BY Ian Dunn | December 12 2014 | 0 COMMENTS print
Urgent appeal: Help Scotland’s poor
Publication Date: 2014-12-12
Archbishop Tartaglia of Glasgow, welfare group call on UK Government to end austerity now
Archbishop Philip Tartaglia of Glasgow has called on the UK Government to make it easier for Scotland’s poorest to access benefits as they face ‘desperate’ poverty and hunger this Christmas.
The president of the Bishops’ Conference of Scotland was speaking at the launch of the Scottish Leaders Welfare Group in Glasgow on Monday about the impact of welfare reform on the poor.
“The mechanisms for claiming benefits are not fit for purpose,” Archbishop Tartaglia said.
The archbishop added that he wanted ‘those in power in London, because it is there that these decisions still are made, that they need to look closely at the reality on the ground in places like Glasgow and see the failings in the structures. And I would ask them to do all they can to put things right.’
“Money is there, set aside from taxation, but people face an impenetrable bureaucratic jungle to try to access payments,” he said. “Changes have been made without sufficient training and the system is being depersonalised. The result is that people are being left in desperate situations without support.”
At the launch meeting the group of church and union leaders heard personal experiences of benefits cuts and Government austerity measures at Drumchapel Citizens Advice Bureau before a visit to Drumchapel Foodbank at their first meeting. The group, which was formed by Citizens Advice Scotland, includes Archbishop Tartaglia and other members of the Catholic Church, Church of Scotland Moderator the Rev John Chalmers and Grahame Smith of the Scottish Trade Union Congress.
Catholic peer Lord John McFall (above), who chairs the group, said they hope to gather ‘empirical evidence’ of the damaging effect of benefit cuts to present to UK and Scottish governments.
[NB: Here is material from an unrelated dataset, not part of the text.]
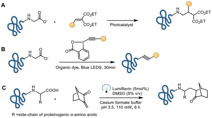 Figure 6  Strategies for selected labeling C-terminal positions of proteins. (A) C-terminus labeling via visible-light-mediated single-electron transfer. (B) C-terminus labeling via photoredox-catalyzed decarboxylative alkynylation using ethynylbenziodoxolone (EBX) reagents. (C) C-terminus labeling via photoredox-catalyzed decarboxylative alkynylation using NB reagents.

Fr Thomas Boyle, assistant secretary general of the Bishops’ Conference of Scotland, is also part of the group. He said that benefit changes brought in the last 12 to 18 months have resulted in ‘chaos.’
“People have been moved from a system where they had a face-to-face interview with a person dealing with their claim to this impersonal system where people are not being treated as individuals,” he added. “We are a non party political organisation and that’s why we didn’t want to get involved before the referendum. We want to look at the effect these changes are having on people. How can we help the people who need the help?”